Top of Stored data

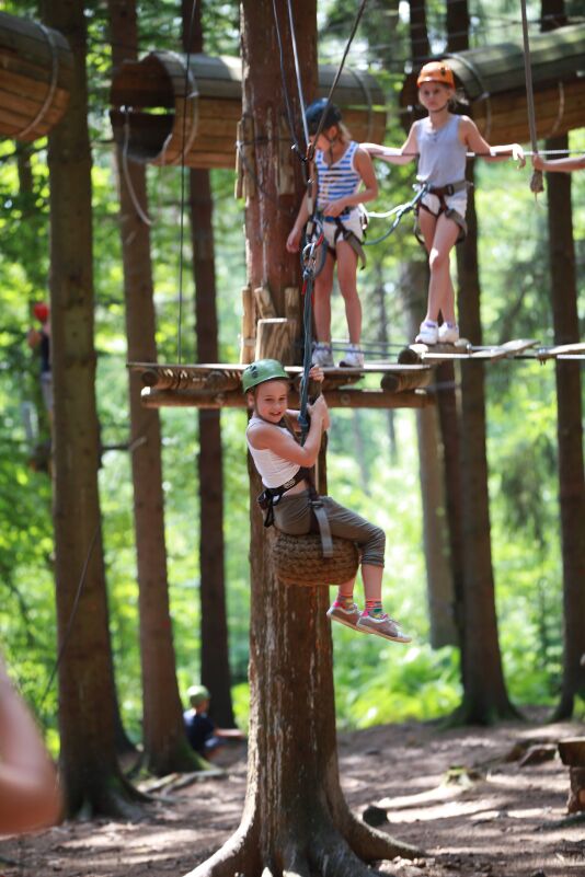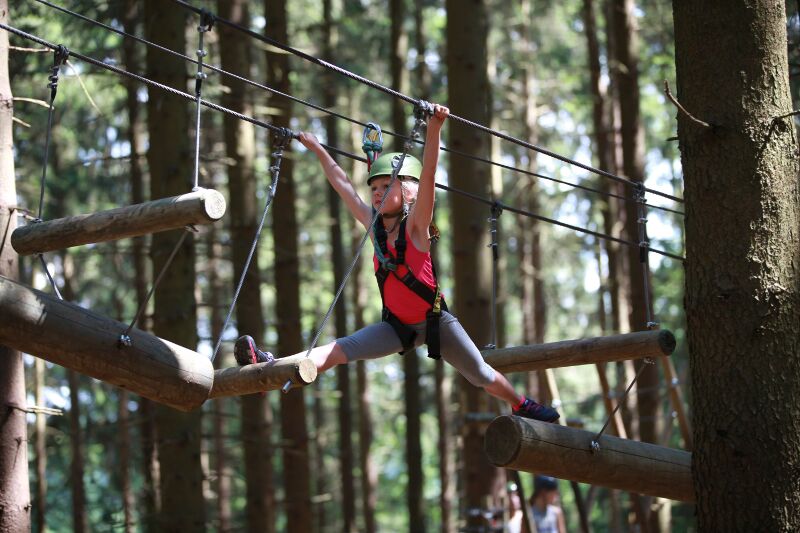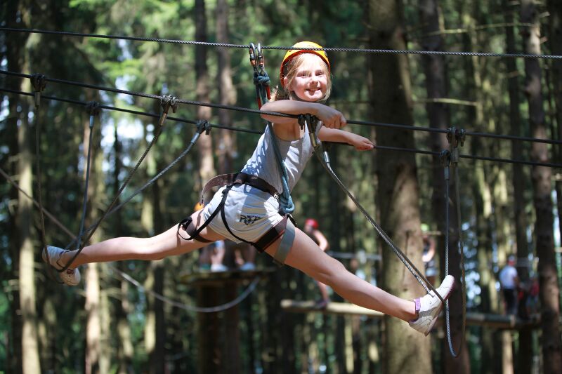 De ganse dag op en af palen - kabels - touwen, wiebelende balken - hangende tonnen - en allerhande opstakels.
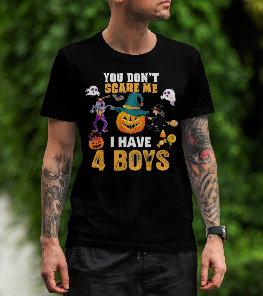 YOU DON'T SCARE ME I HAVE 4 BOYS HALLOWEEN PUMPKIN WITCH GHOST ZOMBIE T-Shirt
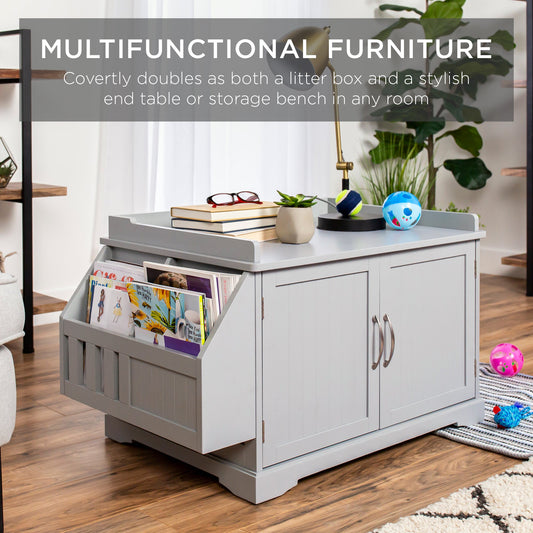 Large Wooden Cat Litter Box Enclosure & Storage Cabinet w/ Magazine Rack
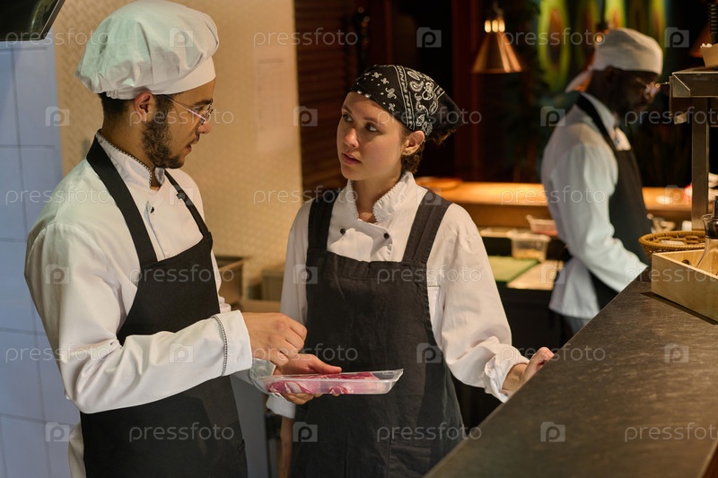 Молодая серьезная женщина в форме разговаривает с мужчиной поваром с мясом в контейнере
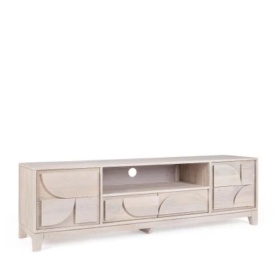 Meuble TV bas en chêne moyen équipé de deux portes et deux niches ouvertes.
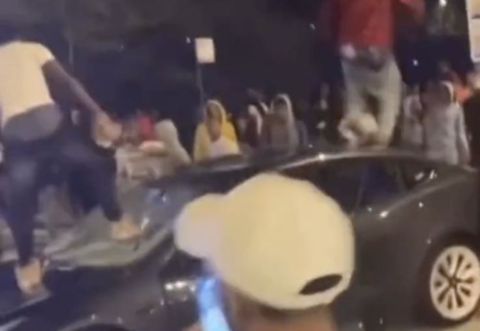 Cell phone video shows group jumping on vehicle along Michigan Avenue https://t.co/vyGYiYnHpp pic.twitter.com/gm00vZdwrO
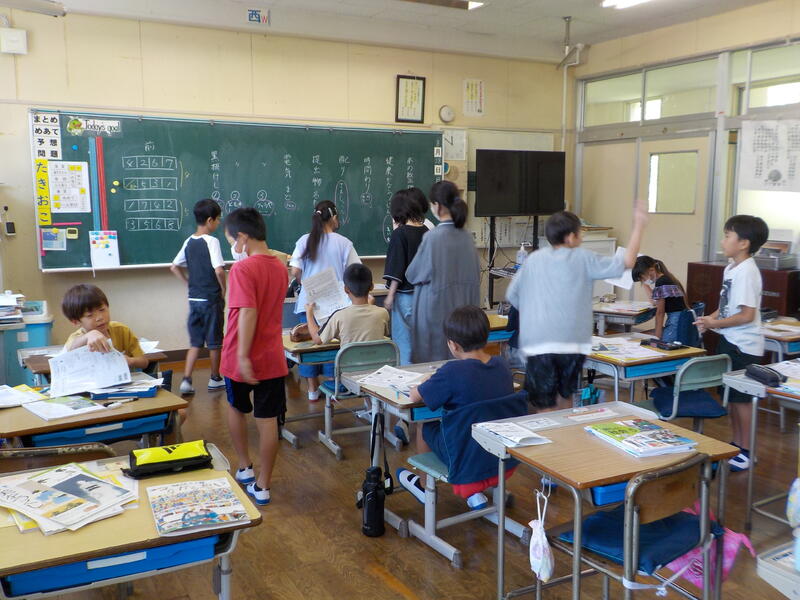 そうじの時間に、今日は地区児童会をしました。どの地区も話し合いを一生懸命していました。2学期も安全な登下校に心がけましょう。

Bottom of Stored data
Top of Stored data

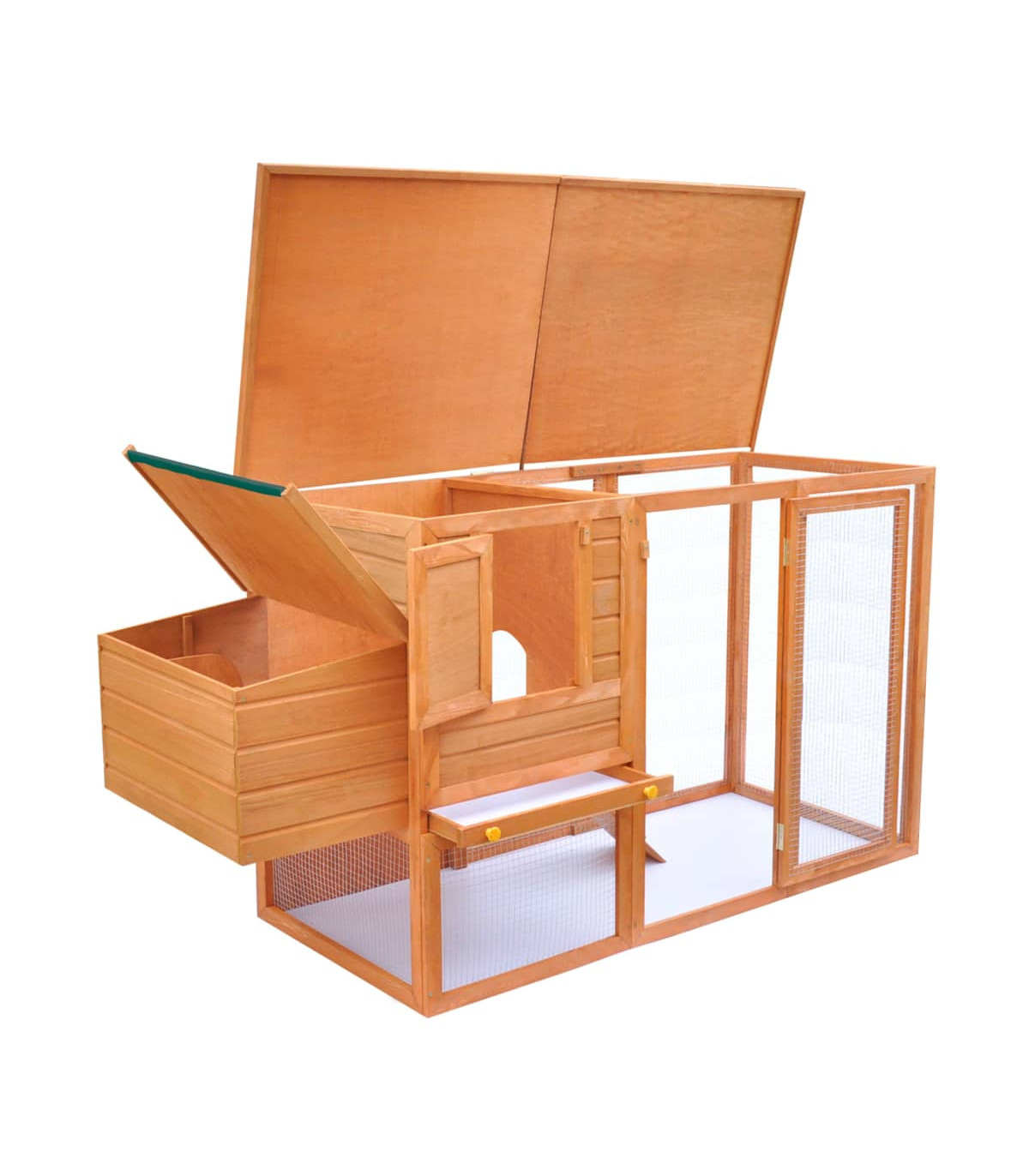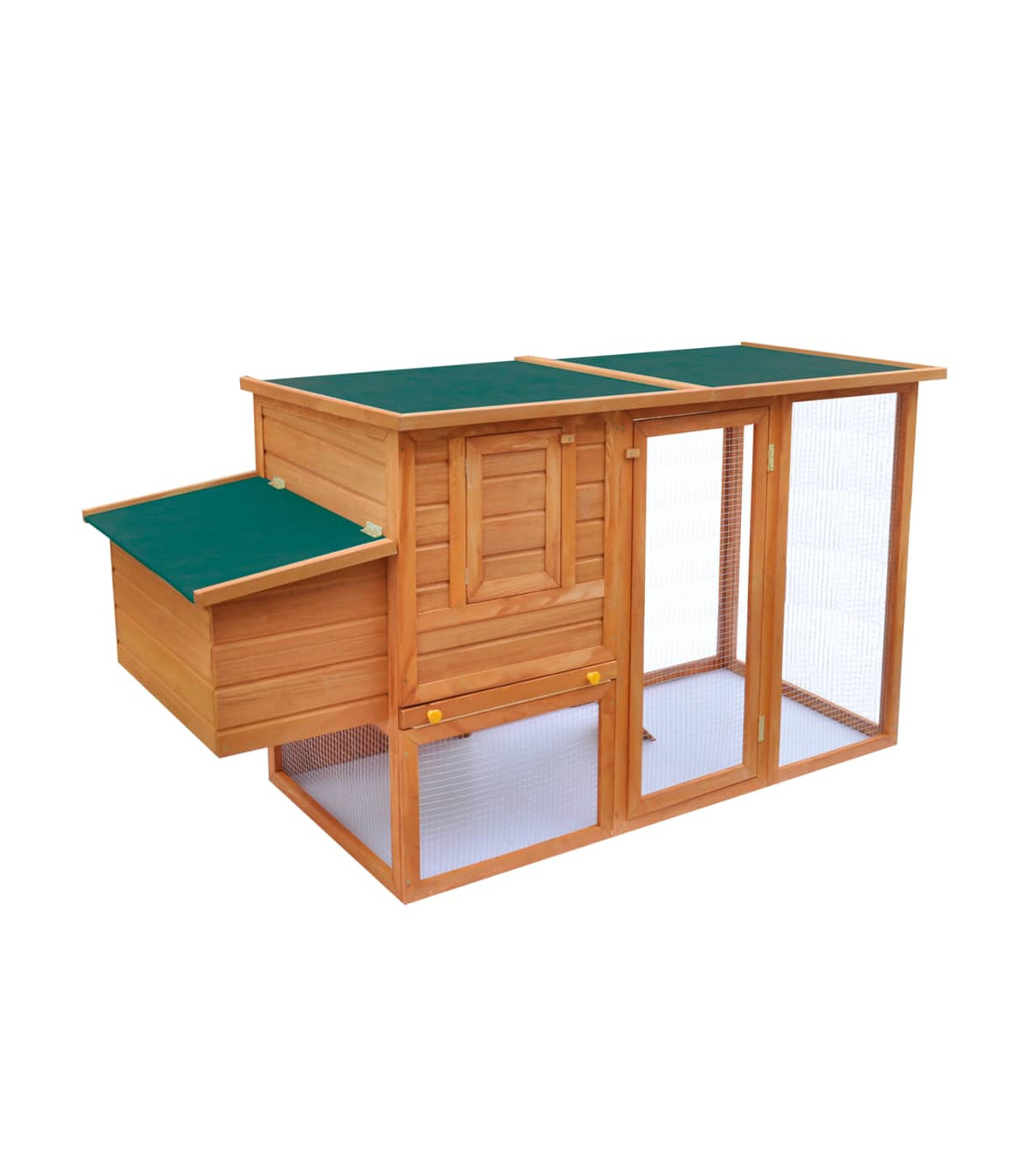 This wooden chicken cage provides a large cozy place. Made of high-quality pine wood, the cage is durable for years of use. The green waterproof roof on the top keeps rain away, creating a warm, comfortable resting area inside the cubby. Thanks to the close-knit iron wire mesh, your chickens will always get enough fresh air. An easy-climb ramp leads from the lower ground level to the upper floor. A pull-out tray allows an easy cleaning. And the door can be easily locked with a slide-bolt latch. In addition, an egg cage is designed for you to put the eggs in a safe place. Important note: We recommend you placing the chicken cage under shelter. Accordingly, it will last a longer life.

Bottom of Stored data

Task prompt ▸
Above are some records. Reproduce the lines from the one with "De ganse dag" down to the one with "そうじの時間に、今日は地区児", keeping both, and leave every picture out.

Task result ▸
 De ganse dag op en af palen - kabels - touwen, wiebelende balken - hangende tonnen - en allerhande opstakels.
 YOU DON'T SCARE ME I HAVE 4 BOYS HALLOWEEN PUMPKIN WITCH GHOST ZOMBIE T-Shirt
 Large Wooden Cat Litter Box Enclosure & Storage Cabinet w/ Magazine Rack
 Молодая серьезная женщина в форме разговаривает с мужчиной поваром с мясом в контейнере
 Meuble TV bas en chêne moyen équipé de deux portes et deux niches ouvertes.
 Cell phone video shows group jumping on vehicle along Michigan Avenue https://t.co/vyGYiYnHpp pic.twitter.com/gm00vZdwrO
 そうじの時間に、今日は地区児童会をしました。どの地区も話し合いを一生懸命していました。2学期も安全な登下校に心がけましょう。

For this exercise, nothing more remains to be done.